Wow, this thread really took off quick. I fish floaters and can agree SOME of the fish are "flossed", but absolutely not all. You can tell when someone is employing 'flossing techniques' with a 4-1/2 foot leader and a 2 oz weight retreiving the entire swing. You will see someone like this catching fish and understand what they are doing. 

The key to the drift, as mentioned before, is weight of lead, line diameter, size of presentation, color, and the cast. Yes, the cast. Don't just cast as far as you can everytime. Try to shorten your line so you cover different water.

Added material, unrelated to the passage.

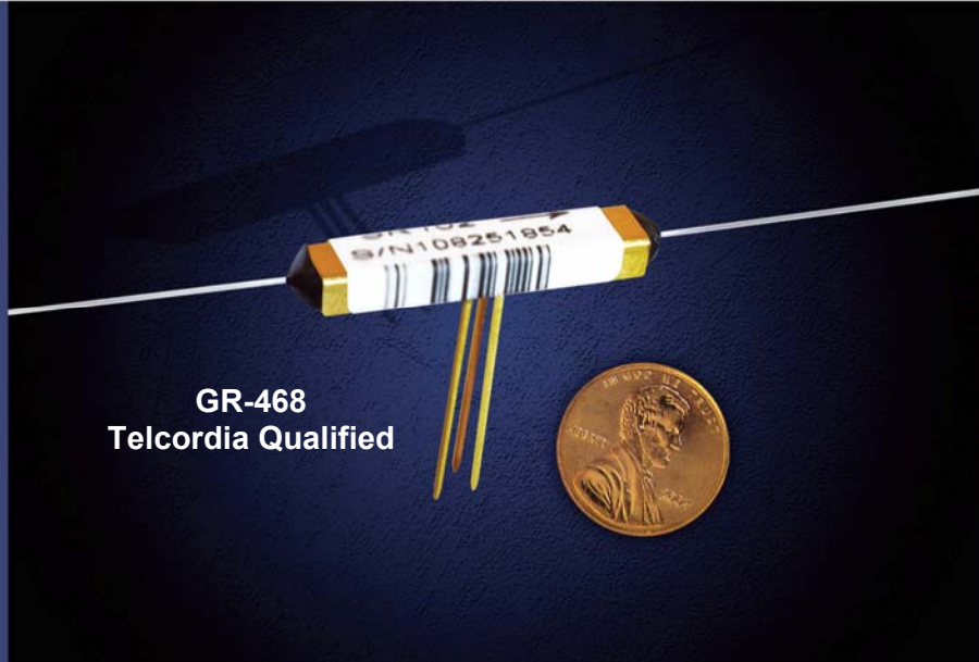
GR-468 Telcordia Qualified

EigenLight's PM Series 100 Inline Power Monitors are used for monitoring optical power in polarization maintaining fiber. By combining a stable optical tap and PIN photodiode in a miniature, hermetic package, these PM devices offer cost and performance advantages over discrete PM coupler and photodiode combinations.

As for the quote above. This is not a valid test whatsoever. If you understand the concept of drift fishing, you know that the surface water is quicker than the river bottom water. A bobber would only pull your jig downstream at a fast rate. It would not be bouncing off rocks and acting sporatically like a confused baitfish. It would be cruising in a downstream line right by all the walleye.


----------



## swantucky

All this talk about bobbers is gonna get somebody's azz kicked. Lets see: everyone is casting in cadence and having a blast. Joe tool comes down, elbows into the middle of the group as starts drifting a bobber. I am sure the other 25 guys are gonna be really happy with him richarding up the program.lol


----------



## swantucky

So Moony you gonna fish with us or type??


----------



## Mr. Moony

nooff this bobber trick works great for steel head and white bass in all tribs of erie.why not walleye.if you all remember back in the day of lead,you would stick eyes any where in the body if it was any where near the face good to go,even the game hens gave you that.and now with floaters it,s always in the face somewere,wonder why.kind of like basketball just throw it in the hole.now they say must be from the inside hooking out.this change came about when floaters came along.wonder why


----------



## Mr. Moony

sure will butt till march rolls around i,ll be typing,trying to learn ya as to what is going on with your little floating jig head


----------



## Mr. Moony

hey redhunter,i'll bet this thread is longer than your leader


----------



## swantucky

Mr. Moony said:


> nooff this bobber trick works great for steel head and white bass in all tribs of erie.why not walleye.if you all remember back in the day of lead,you would stick eyes any where in the body if it was any where near the face good to go,even the game hens gave you that.and now with floaters it,s always in the face somewere,wonder why.kind of like basketball just throw it in the hole.now they say must be from the inside hooking out.this change came about when floaters came along.wonder why


Evidently you are going to type.

I have no idea if a bobber would work or not on the Maumee. I know it works great in Canadian rivers with a leech. I guess it could work on the Maumee but as I said if everyone is running one program and you step in with a bobber you are not going to be very popular. I am sure this is of no concern to you but, me, I try to get along with my fellow fisherman.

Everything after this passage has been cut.